In this review, we emphasize neuropathologic and neurobehavioral aspects of central pontine and extrapontine myelinolysis (CPM/EPM), also known as the osmotic demyelination syndrome. The literature is reviewed from the time of the initial report in 1959 and from key developments that have occurred more recently. Particular consideration is given to pathogenic mechanisms as revealed by recent animal studies. The role of white matter pathology in neurobehavioral dysfunction is also considered. The “then” and “now” of CPM and EPM tell 2 different stories. Yet, in many respects, this expansion of information over the past nearly 50 years simply represents a continuum, as well as recognition, of the vast gaps that still persist in our understanding of this disorder.

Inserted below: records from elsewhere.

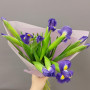 Букет из синих ирисов из розовых альстромерий
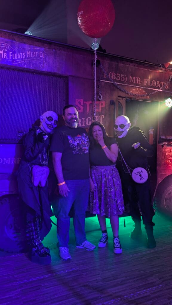 Paul and I picked up a few t-shirts from @teenoevil. We have purchased their shirts before and they have really unique designs, good quality, and they soft through multiple wears and washes. We also made our way through several mazes including Sid’s Twisted Toy box, which featured Sid from Toy Story with a menagerie of demented toys. My favorite maze was Fear Farms maze which was scarecrow themed. This maze was full of get jumpscares and had me screaming and laughing throughout. Mr. Floats had a small maze and photo opp, which included photos with the “TWINS”.
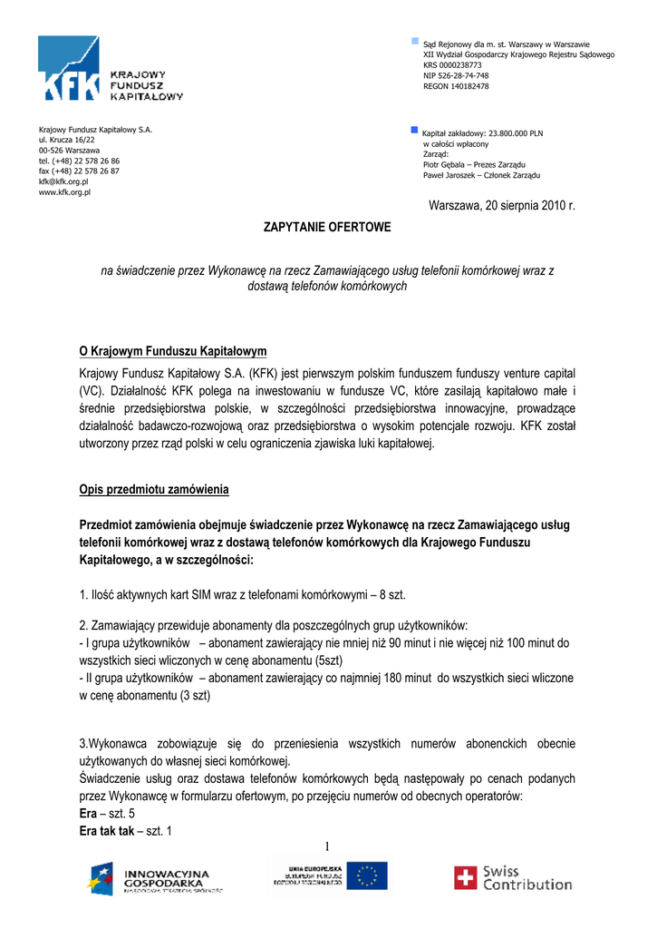 Zapytanie ofertowe - Krajowy Fundusz Kapitałowy
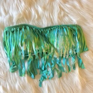 Lucky Brand M Summer Time Tie Dye Fringe Bandeau Bikini Top Swimsuit Green Boho
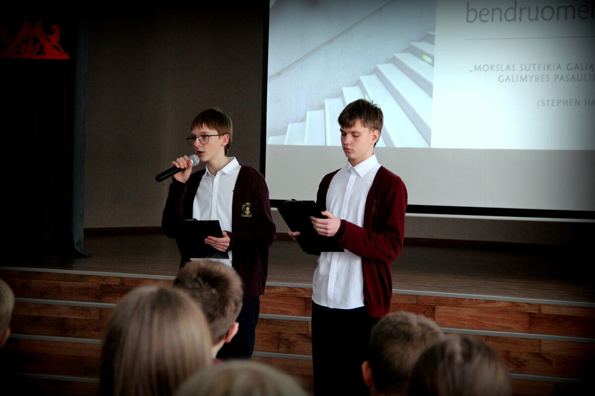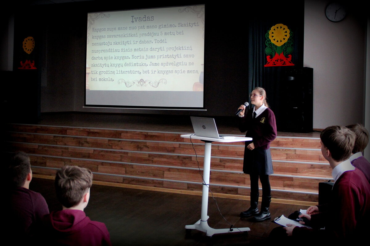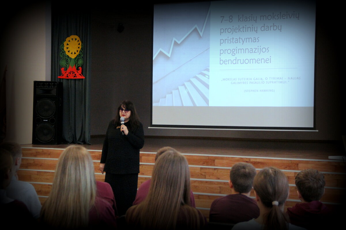 7-8 klasių mokinių projektinių darbų pristatymas progimnazijos bendruomenei
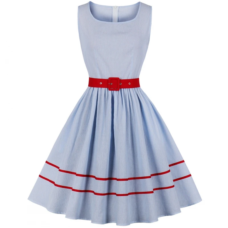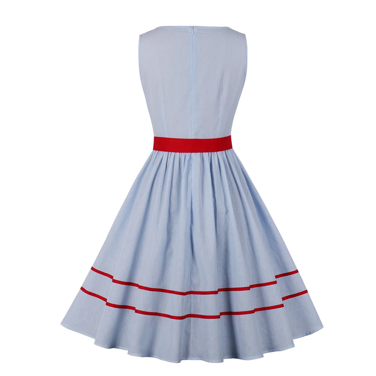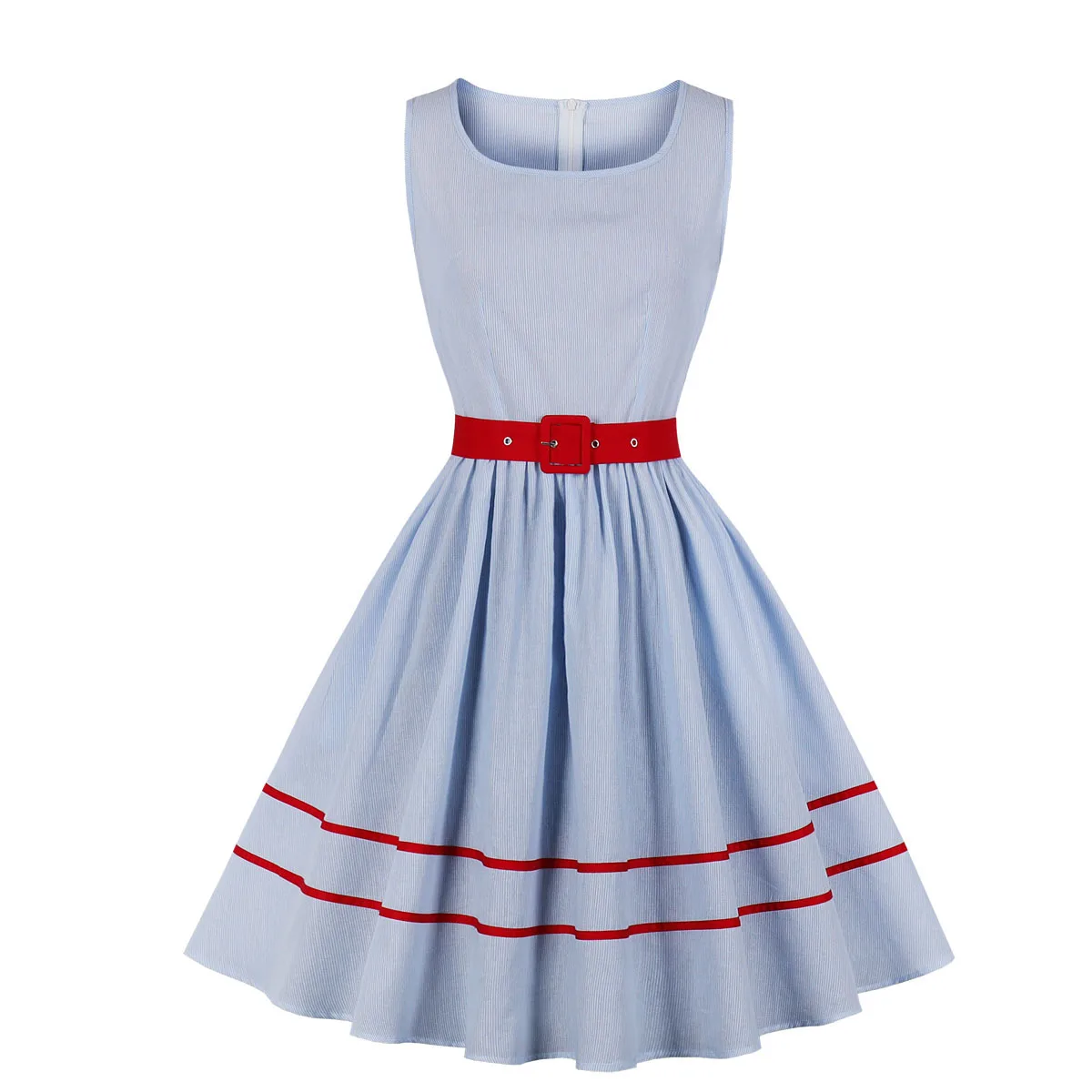 Женская летняя обувь в стиле пин-ап в полоску Повседневные Вечерние платья 2021 без рукавов юбка с высокой талией халат 50-х 60-х в винтажном стиле рокабилли свободное платье Vestidos

Alcoholism, Central pontine myelinolysis, Extrapontine myelinolysis, Hyponatremia, Lateral pontine myelinolysis, Osmotic demyelination, Pathogenesis, White matter
Several excellent reviews have recently appeared in the internal medicine and neurology literature on central pontine and extrapontine myelinolysis (CPM/EPM), also known as osmotic demyelination syndrome, and have provided concise overviews on the topic from a clinical perspective. These studies have focused on historical aspects and updates on treatment of hyponatremia (1), refutation of the role of factors other than correction of hyponatremia in the causation of CPM (2), delineation of clinical features related to pontine and extrapontine lesions (3, 4), and changes in underlying medical disorders associated with CPM (5). A study of 44 patients with CPM published in 1999 documented a significantly more favorable clinical outcome than many earlier clinical studies had suggested (6). Most clinically symptomatic patients survive if secondary complications common to all debilitated patients can be controlled such as aspiration pneumonia, septicemia, deep venous thromboses, and pulmonary emboli (6); in this study, one third of survivors recovered completely, one third had some deficits but were independent, and one third had more significant neurologic deficits (6). Several new etiologic mechanisms have been proposed for CPM/EPM, including apoptosis (7, 8). In this issue of the Journal of Neuropathology & Experimental Neurology, an original study describing the role of myoinositol and possible pathogenic osmotic mechanisms appears (9).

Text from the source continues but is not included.